PROBLEM REQUIREMENTS =>
Copy out exactly the lines beginning with the one that contains "Overscheduled?  Overwhelmed?  Our" and ending at the last line of the listing, skipping any pictures.

RECORDED INFORMATION =>

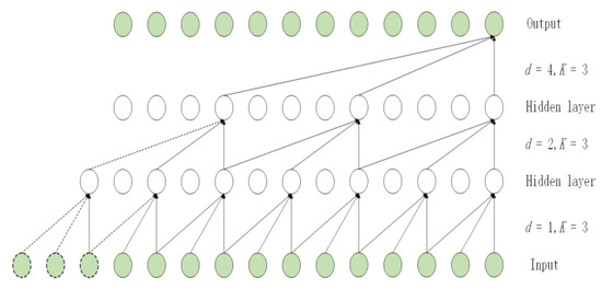 The series weighted by spatial attention is input into the time-series model TCN, which is a hierarchical model composed of multiple layers of dilated causal convolutions for extracting relationships. Figure 5 illustrates the architecture of a TCN with 3 layers of dilated causal convolutions, where the output of the final layer captures the temporal dynamics in the history. Using a TCN with L layers to establish the temporal model of the node , where L represents the number of convolutional layers, each layer includes dilated convolutions, activate functions and normalization operations. Node at time t uses dilated causal convolutions for computation as shown as:
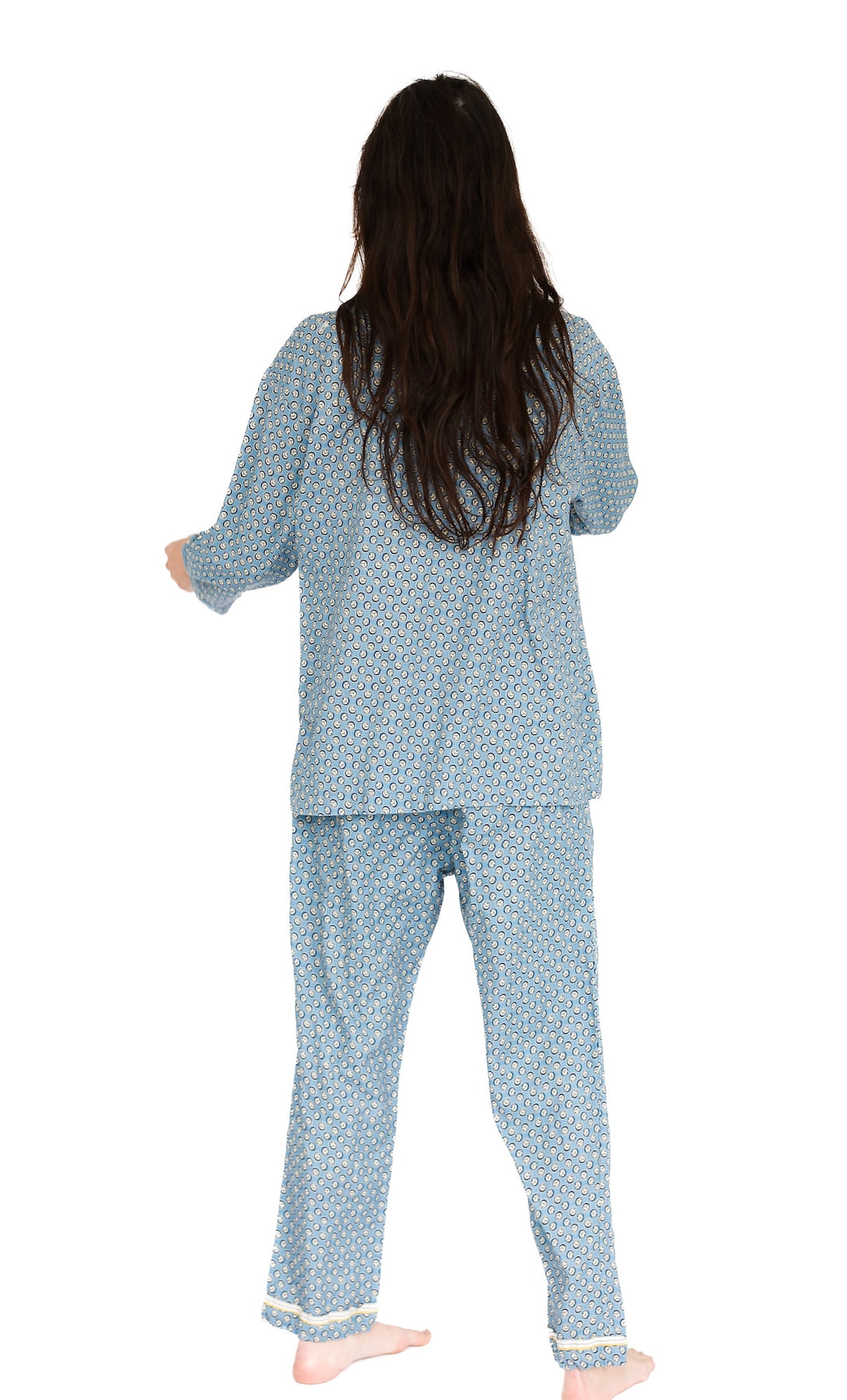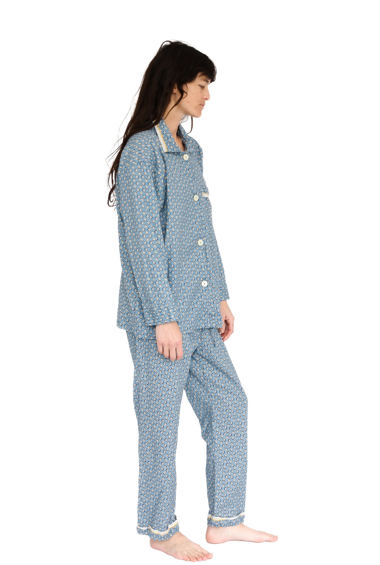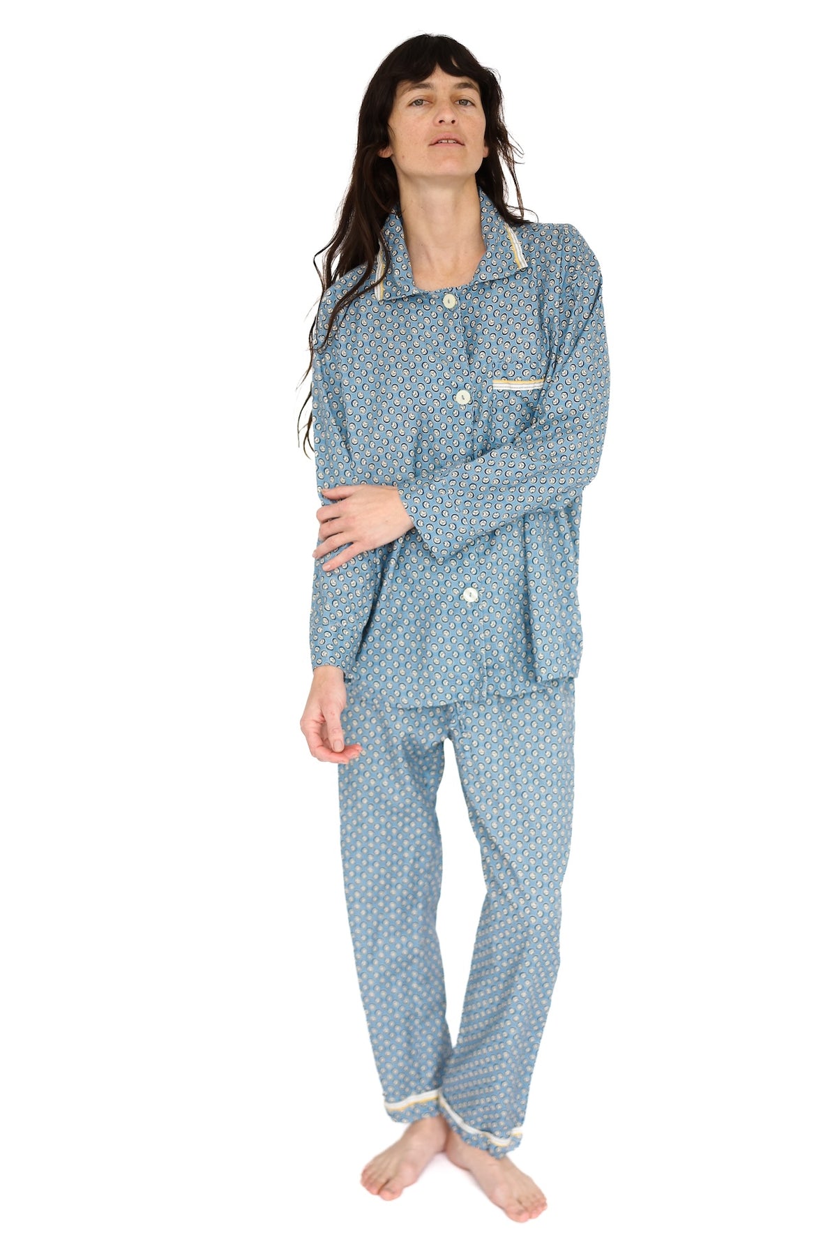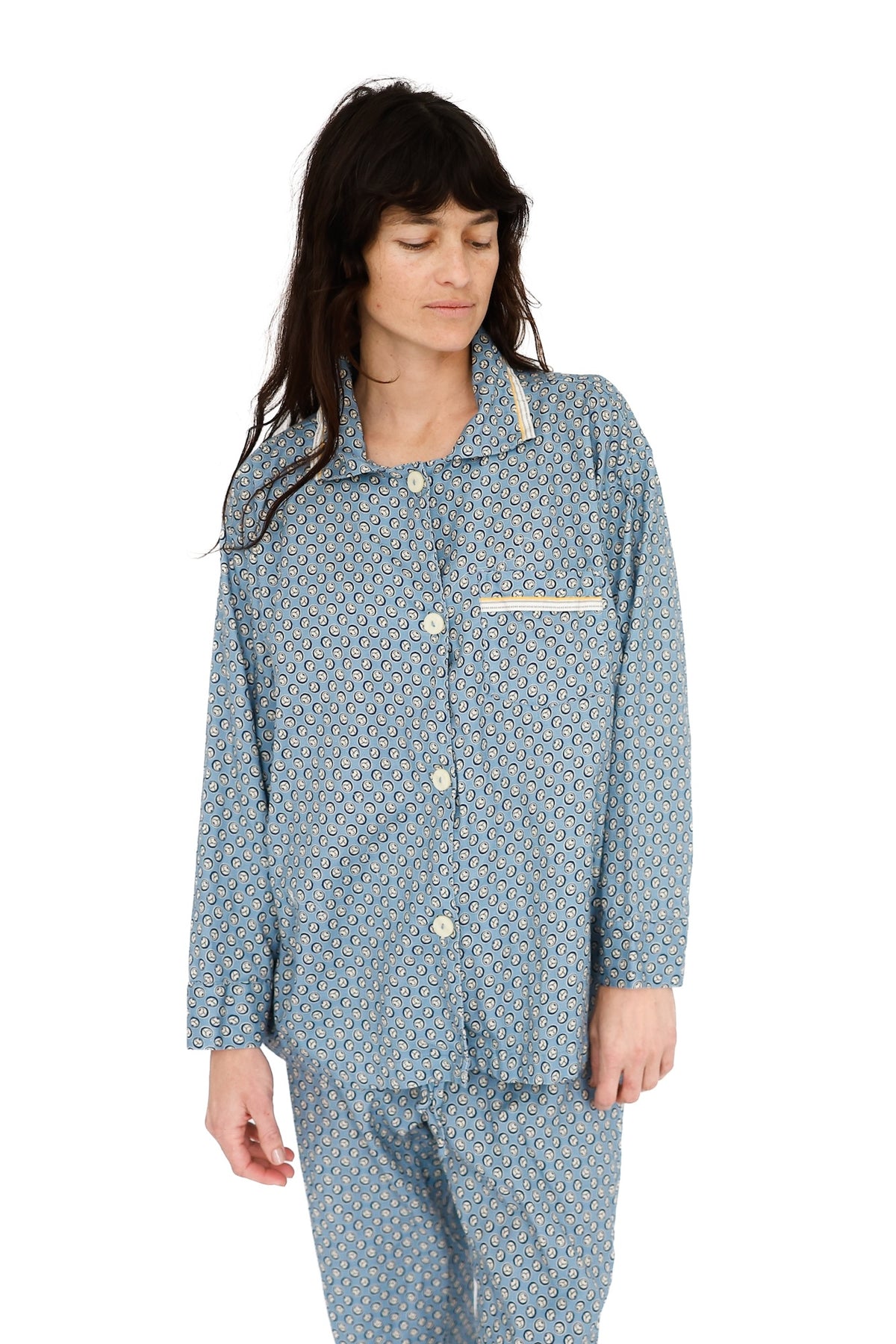 Overscheduled?  Overwhelmed?  Our Oversize PJ Set is the quickest way to get over it. The fit is “baggie-boyfriend”, with a generously cut, one-pocket top and loose, low-rise drawstring pant.  Wear them paired or as separates. Over and out.
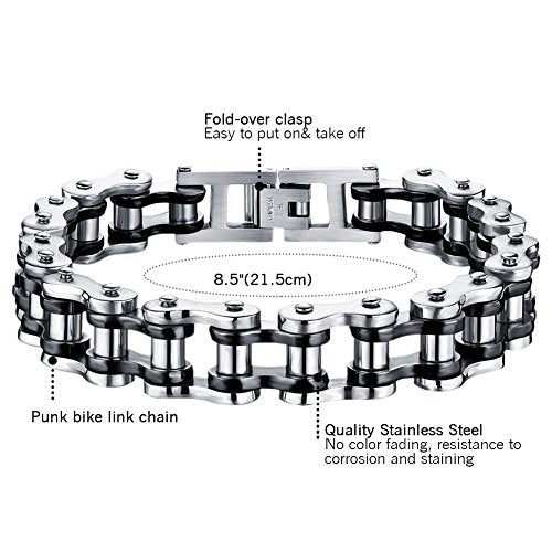 Cupimatch Uomo Braccialetto Bracciale Catena Bici Acciaio Inox Nero Argento Regalo Perfetto
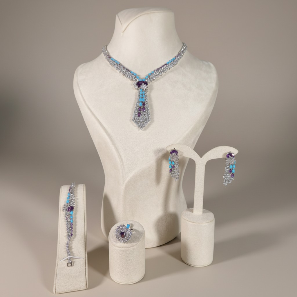 يتكوّن الطقم من أربع قطع متكاملة: عقد بتصميم مهيب ينتهي بتعليقة متدلية بارزة، أقراط بانسيابية راقية، سوار فاخر، وخاتم يعكس قوة الهوية التصميمية.

EXERCISE RESPONSE =>
 Overscheduled?  Overwhelmed?  Our Oversize PJ Set is the quickest way to get over it. The fit is “baggie-boyfriend”, with a generously cut, one-pocket top and loose, low-rise drawstring pant.  Wear them paired or as separates. Over and out.
 Cupimatch Uomo Braccialetto Bracciale Catena Bici Acciaio Inox Nero Argento Regalo Perfetto
 يتكوّن الطقم من أربع قطع متكاملة: عقد بتصميم مهيب ينتهي بتعليقة متدلية بارزة، أقراط بانسيابية راقية، سوار فاخر، وخاتم يعكس قوة الهوية التصميمية.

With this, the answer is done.